GitHub Email Discovery¶

The GitHubDiscoverer extracts email addresses from commit author data on public GitHub repositories. This is separate from job scraping — it's invoked via the --github-scrape CLI flag.

Usage¶

# Basic discovery from a user's repos
scrappy --github-scrape --search "torvalds"

# With GitHub token (higher rate limit)
GITHUB_TOKEN=ghp_xxx scrappy --github-scrape --search "torvalds"

# Output to file (default: github_emails.csv)
scrappy --github-scrape --search "linux-foundation" --out emails.csv

The --search value is treated as a GitHub username or organization name.

Discovery flow¶

The DiscoverFromUser method runs a three-phase pipeline:

OrgsForUser(login)
  → ReposForOrg(org) per org
    → EmailsFromRepo(owner, repo) per repo

Phase 1: `OrgsForUser(ctx, login)`¶

url := fmt.Sprintf("https://api.github.com/users/%s/orgs", login)

Returns the list of organization logins the user belongs to.
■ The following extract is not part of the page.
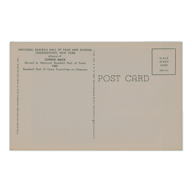 National Baseball Hall Of Fame Postcard features a cut that has been hand-signed by Connie Mack (D. 1956, Philadelphia Athletics, HOF).

Uses the public GitHub API — requires the org to be public.

Phase 2: `ReposForOrg(ctx, org)`¶

url := fmt.Sprintf("https://api.github.com/orgs/%s/repos?per_page=50&sort=pushed&type=public", org)

Returns non-fork, public repository full names (owner/repo), sorted by most recently pushed.
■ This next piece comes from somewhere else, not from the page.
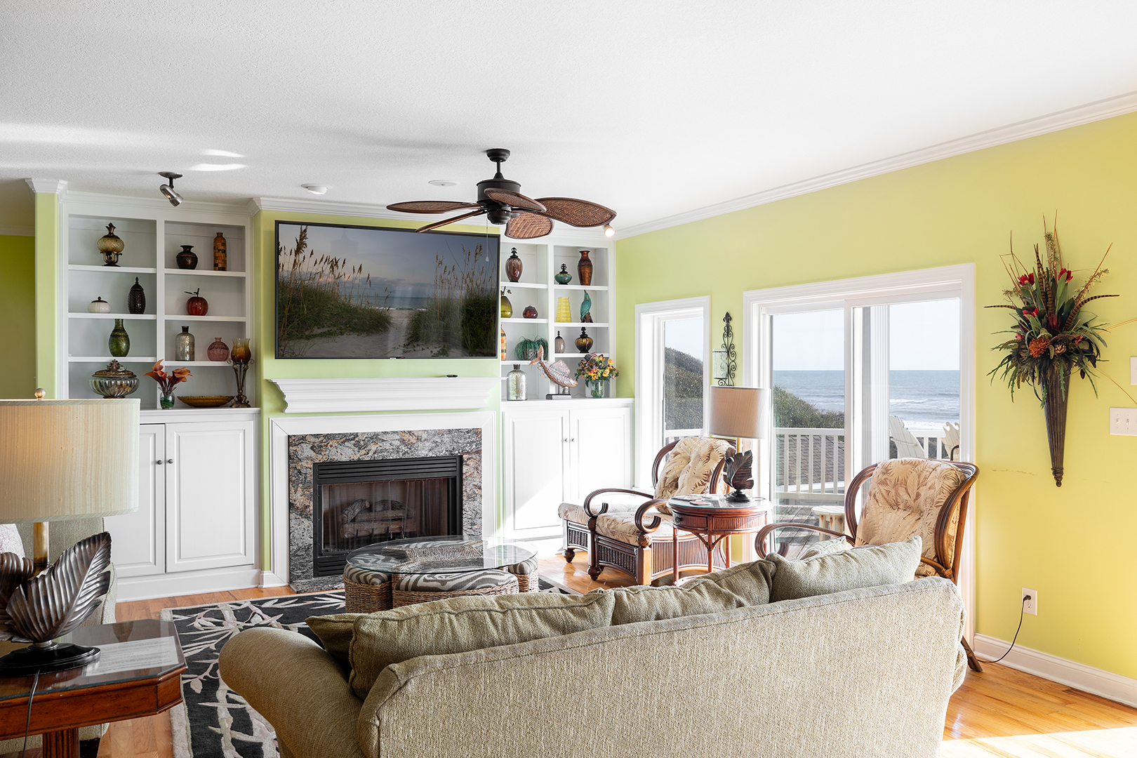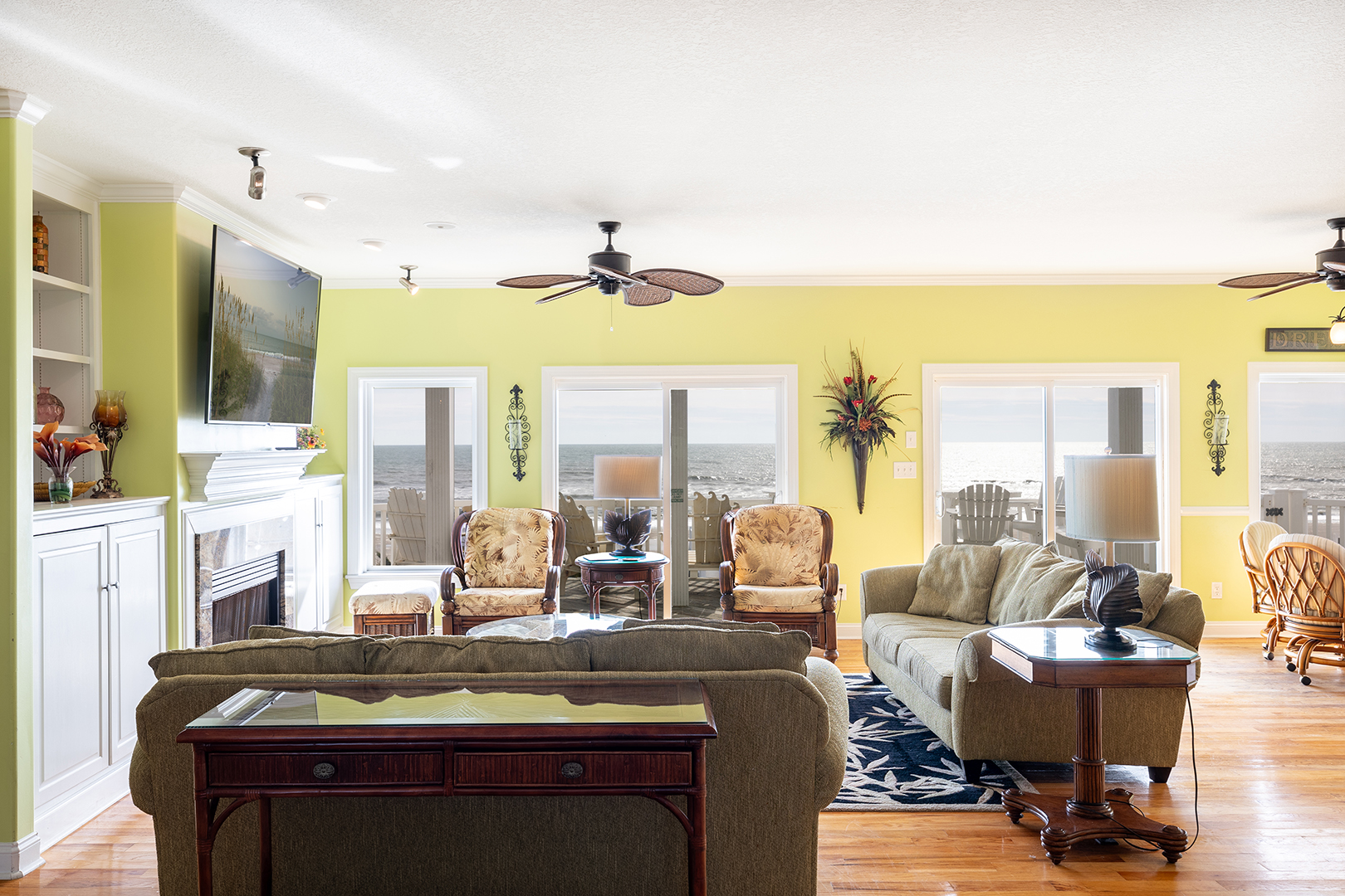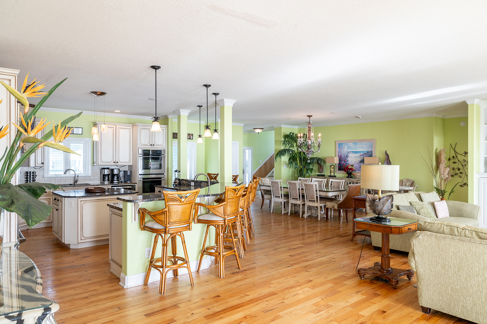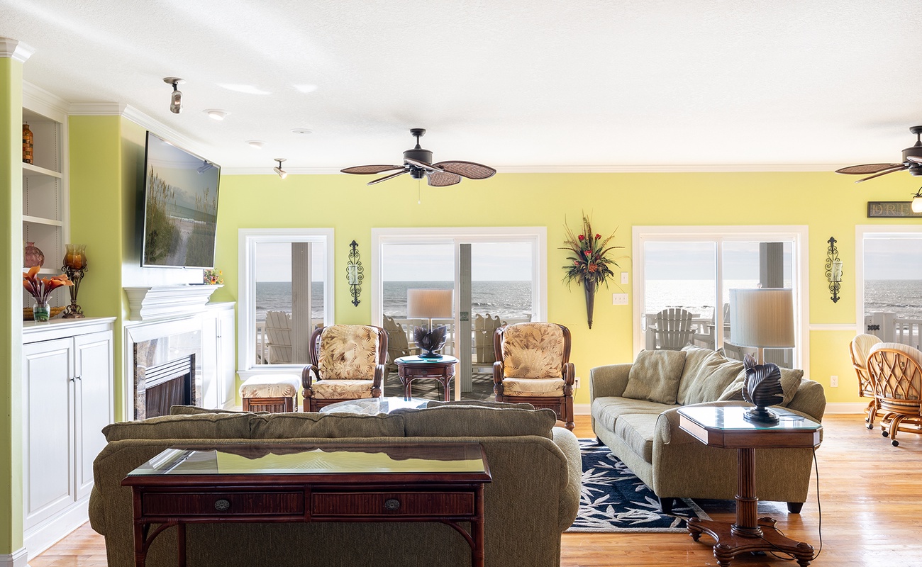Floor #1: Kitchen, Half Bath, Living Room, Oceanfront Green Bedroom with Queen Bed and Full Bath, Oceanfront Orange Bedroom with King Bed and Full Bath

Phase 3: `EmailsFromRepo(ctx, owner, repo, maxCommits)`¶

url := fmt.Sprintf("https://api.github.com/repos/%s/%s/commits?per_page=%d", owner, repo, maxCommits)

Extracts unique personal emails from recent commits. Key behavior:

Reads both commit.author.email (the commit metadata) and author.email (the GitHub user object).
Filters out GitHub's noreply addresses (@users.noreply.github.com, @noreply.github.com).
Filters out bot addresses (-bot, [bot], -ci, -automate suffixes).
Default: 30 commits per repo, max 100.
Falls back to EmailsFromRepo for direct org/repo lookups if DiscoverFromUser returns nothing.

API endpoints used¶

Endpoint	Purpose	Auth
`GET /users/{login}/orgs`	List user's organizations	Optional
`GET /orgs/{org}/public_members`	List org members	Optional
`GET /orgs/{org}/repos`	List org repos	Optional
`GET /users/{login}/repos`	List user's repos	Optional
`GET /repos/{owner}/{repo}/commits`	Commit history	Optional
`GET /repos/{owner}/{repo}/commits?author={login}`	Author-filtered commits	Optional

Headers set on all requests:

Accept: application/vnd.github+json
X-GitHub-Api-Version: 2022-11-28
Authorization: Bearer <token>   // only when GITHUB_TOKEN is set

Rate limiting¶

Auth	Rate limit	Per hour
Unauthenticated	60 requests/hour	60
With token	5,000 requests/hour	5,000

Unauthenticated requests are identified by the lack of Authorization header and are subject to IP-based rate limiting (60 req/h). With a GITHUB_TOKEN, the limit is 5,000 req/h per token.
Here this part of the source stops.